Naltrexone has stronger and more consistent evidence and is FDA‑approved for alcohol use disorder. Topiramate and gabapentin are sometimes used off label and may help reduce drinking or cravings in some individuals, but evidence is more mixed, and side‑effect profiles differ (for example, cognitive slowing with topiramate, sedation with gabapentin). Naltrexone is usually considered earlier unless contraindicated.

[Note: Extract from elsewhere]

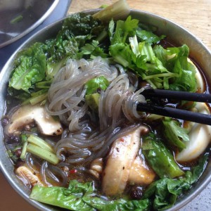 汁烧开后装碗加入芍粉,加入香菜末、花生米,开吃拉!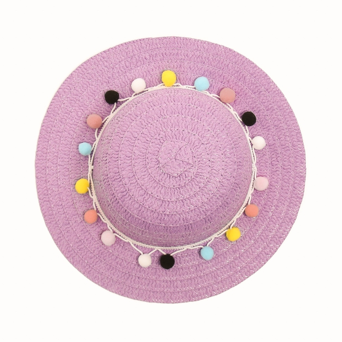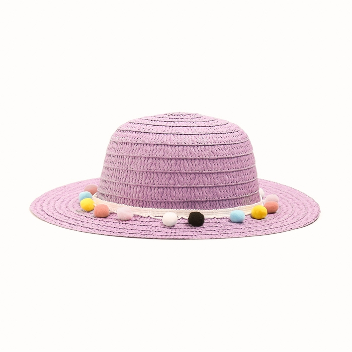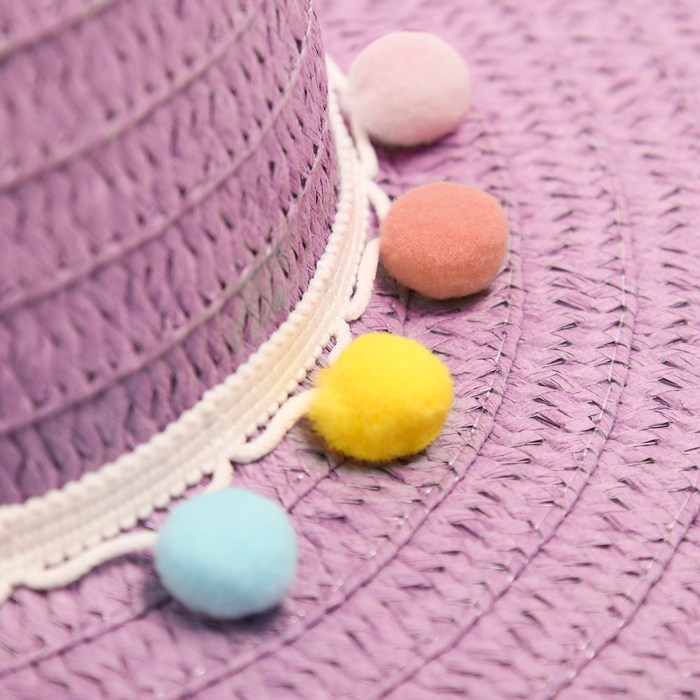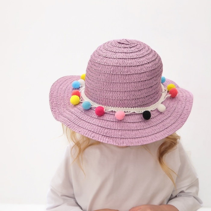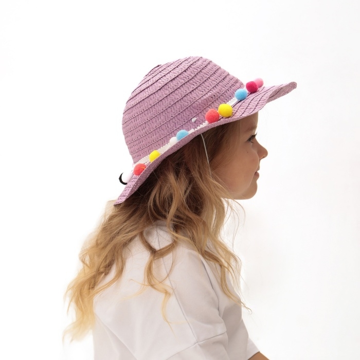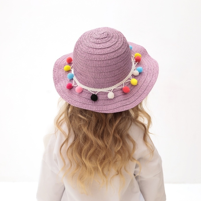 Шляпа с бомбошками для девочки MINAKU, цвет фиолетовый, размер 50

Generally no. Because naltrexone blocks opioid receptors, it would counteract methadone or buprenorphine and can trigger withdrawal in someone dependent on them. Transitions between these medications must be carefully managed: agonists are usually stopped and tapered, withdrawal is completed, and only then is naltrexone started—or vice versa, following a structured protocol.
Methadone and buprenorphine carry some overdose risk, especially when misused or combined with other sedatives, but when used correctly under supervision, they significantly reduce overall overdose risk by stabilizing opioid use. Naltrexone itself does not cause respiratory depression; however, overdose risk can increase if a person stops naltrexone and relapses, because their tolerance has decreased and they may use amounts similar to prior levels.